Redundancy of word and sub-word occurrences in large documents can be effectively utilized in an OCR system to improve recognition results. Most OCR systems employ language modeling techniques as a post-processing step; however these techniques do not use important pictorial information that exist in the text image. In case of large-scale recognition of degraded documents, this information is even more valuable. In our previous work, we proposed a subword image clustering method for the applications dealing with large printed documents. In our clustering method, the ideal case is when all equivalent sub-word images lie in one cluster. To overcome the issues of low print quality, the clustering method uses an image matching algorithm for measuring the distance between two sub-word images. The measured distance with a set of simple shape features were used to cluster all sub-word images. In this paper, we analyze the effects of adding more shape features on processing time, purity of clustering, and the final recognition rate. Previously published experiments have shown the efficiency of our method on a book. Here we present extended experimental results and evaluate our method on another book with totally different font face.
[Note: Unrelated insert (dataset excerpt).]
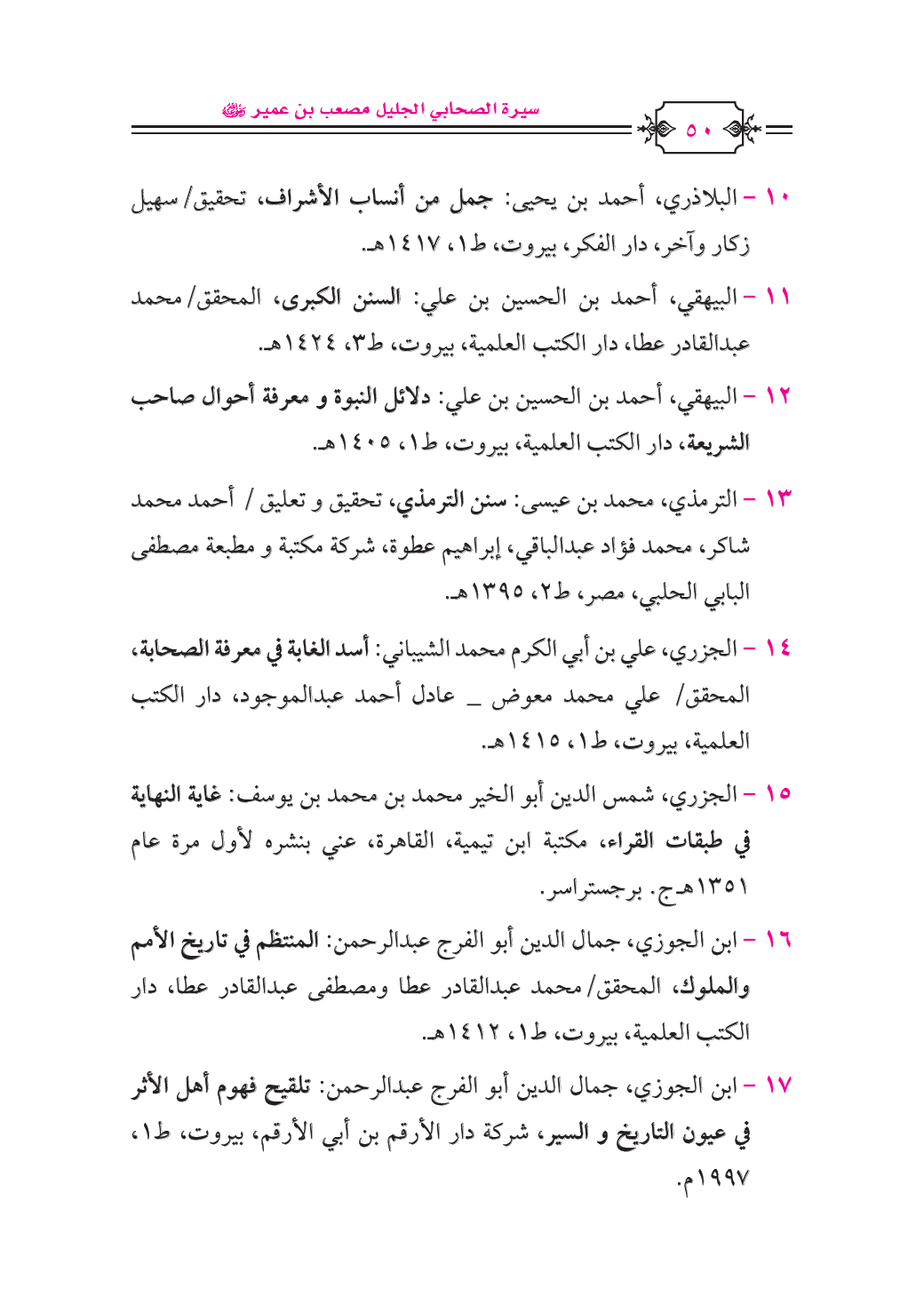 10) البلاذري , أحمد بن يحيى: جمل من أنساب الأشراف , تحقيق/سهيل زكار وآخر , دار الفكر , بيروت , ط1 , 1417هـ.

Also we show that the number of the new created clusters in a page can be used as a criteria for assessing the quality of print and evaluating preprocessing phases.

Paper Details

Date Published: 8 February 2015
PDF: 12 pages
Proc. SPIE 9402, Document Recognition and Retrieval XXII, 94020C (8 February 2015); doi: 10.1117/12.2075931
Show Author Affiliations
Mohammad Reza Soheili, Tarbiat Modares Univ. (Iran, Islamic Republic of)
Deutsches Forschungszentrum für Künstliche Intelligenz GmbH (Germany)
Ehsanollah Kabir, Tarbiat Modares Univ. (Iran, Islamic Republic of)
Didier Stricker, Deutsches Forschungszentrum für Künstliche Intelligenz GmbH (Germany)

Published in SPIE Proceedings Vol. 9402:
Document Recognition and Retrieval XXII
Eric K. Ringger; Bart Lamiroy, Editor(s)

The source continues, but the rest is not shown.